GOP RAGE OVERRIDES DESIRE TO SEEK TRUTH
In the 1976 movie “Network,” Howard Beale is a dyspeptic TV anchorman with a high-decibel mantra: “I’m as mad as hell, and I’m not going to take this anymore.” If Beale were alive today, he would feel right at home in the Republican Party. The Senate Judiciary Committee hearing on Judge Brett Kavanaugh’s nomination to the Supreme Court showed that, among Republicans, rage has triumphed over reason.
Republicans don’t care what the evidence says about the possibility that Kavanaugh may be guilty of sexual assault charges. All that matters is sticking it to the “libtards.”
Kavanaugh channeled this vibe perfectly in the most acerbic and abusive appearance of any nominee I have ever seen before any Senate committee. His face contorted in anger, he blasted Senate Democrats for replacing “advise and consent with search and destroy,” and turning the confirmation process into “a national disgrace.”
Sen. Lindsey Graham, R-South Carolina, showing that he is bereft of the adult supervision once provided by former Senate colleague John McCain, matched Kavanaugh outburst-for-outburst. He snarled that “this is the most unethical sham since I’ve been in politics.” He had a point about the failure of Sen. Dianne Feinstein, D-Calif., to investigate the charges promptly. Yet he and the rest of the Republicans showed little interest in investigating them, either.
Predictably, Kavanaugh and Graham are now heroes to the Howard Beale Republicans — who, just as predictably, don’t care about all of the flaws in the nominee’s testimony.
There was, for example, the fact, almost forgotten by day’s end, of the testimony of Christine Blasey Ford. She was utterly believable in proclaiming Kavanaugh had sexually assaulted her and that she was “100 percent” certain it was him. The GOP’s chosen questioner, Arizona prosecutor Rachel Mitchell, did not lay a glove on Ford, as even a Fox News talking head acknowledged.
In trying to defend himself, Kavanaugh was evasive and deceptive. He later apologized for his rudeness, but this was typical of his failure to answer questions forthrightly.
Most damning of all for Kavanaugh is that he had numerous opportunities to ask for an FBI investigation, as Ford has done, and refused to do so. Why, if Kavanaugh is telling the truth, would he resist involving the nation’s premier investigative agency? Wouldn’t an innocent man want his name cleared?
Instead, Kavanaugh has gone along with the Republicans’ sham investigation, which does not include testimony from his friend Mark Judge, or from the other women who have accused him of sexual misconduct. Kavanaugh may well be wrongly accused, but how, at this rate, will we ever know? He has a massive incentive to lie, and Ford does not.

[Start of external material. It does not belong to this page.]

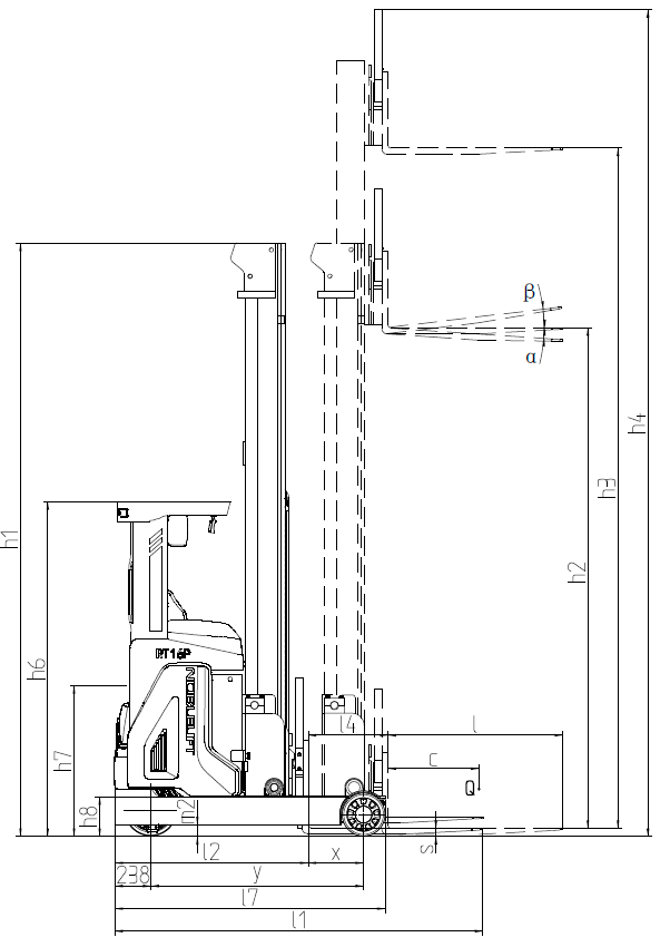 | Размеры | 4.1 | Наклон мачты/каретки вил вперед/назад | α/β (º) | 4/-2 | 4/-2 |

Kavanaugh’s defenders nevertheless claim vindication, as if his very indignation is proof of his innocence. Have they forgotten that President Bill Clinton said, just as convincingly, “I never had sexual relations with that woman”? Perhaps Kavanaugh is upset he is accused of doing something he didn’t do or, more likely, can’t remember doing. Or perhaps he is upset because he doesn’t think that anything he did decades ago, no matter how objectionable, should interrupt his inexorable rise to the top.
Instead of seeking the truth, the Howard Beale Republicans prefer to holler and hate. The likely result will be to confirm an injudicious justice, and to further politicize an institution that is supposed to be above politics.
Max Boot is the Jeane J. Kirkpatrick senior fellow for national security studies at the Council on Foreign Relations and a global affairs analyst for CNN. He is the author of the forthcoming “The Corrosion of Conservatism: Why I Left the Right.”